A New Approach of Rotated Staggered Grid FD Method With Unsplit Convolutional PML for GPR

Abstract

We introduce a novel implementation of a rotated staggered grid (RSG) finite difference (FD) method based on the unsplit convolutional perfectly matched layer (UCPML). The method is carried out using rotated staggered FD operators and a general complex frequency shifted stretching factor. It can offer a number of advantages over the RSG with split convolutional perfectly matched layer (SCPML), such as improving computational efficiency, overcoming the numerical dispersions resulting from the high-frequency propagation and strong contrasts in material, and specifically absorbing the evanescent modes at grazing incidence. A half-space numerical example with a lossy medium attached demonstrates that large-scale spurious reflections and evanescent modes at grazing incidence are absorbed efficiently by the UCPML in RSG scheme.
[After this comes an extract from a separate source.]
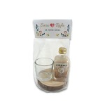 Pack de Licor de crema de 50 cml botella de cristal, chupito de cristal y original posavasos de madera, un regalo ideal para repartir a tus invitados, tanto de forma individual como por pareja.
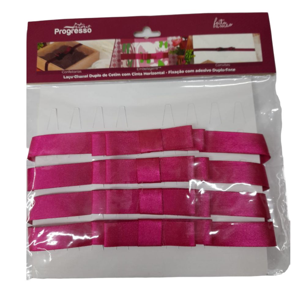 LAÇO CHANEL DUPLO DE CETIM ROSA - 4 UNIDADES - PROGRESSO FITAS - LOJA DO ABENÇOADO

Meanwhile, the comparison of the reflection error between the proposed algorithm and traditional approaches [using time-dependent reflection error (TDRE) and frequency-dependent reflection error (FDRE)] suggests that the proposed algorithm of RSG provides a preferable improvement in absorbing low-frequency coda wave of evanescent modes, particularly in the lossy medium that possesses inhomogeneous discontinuities.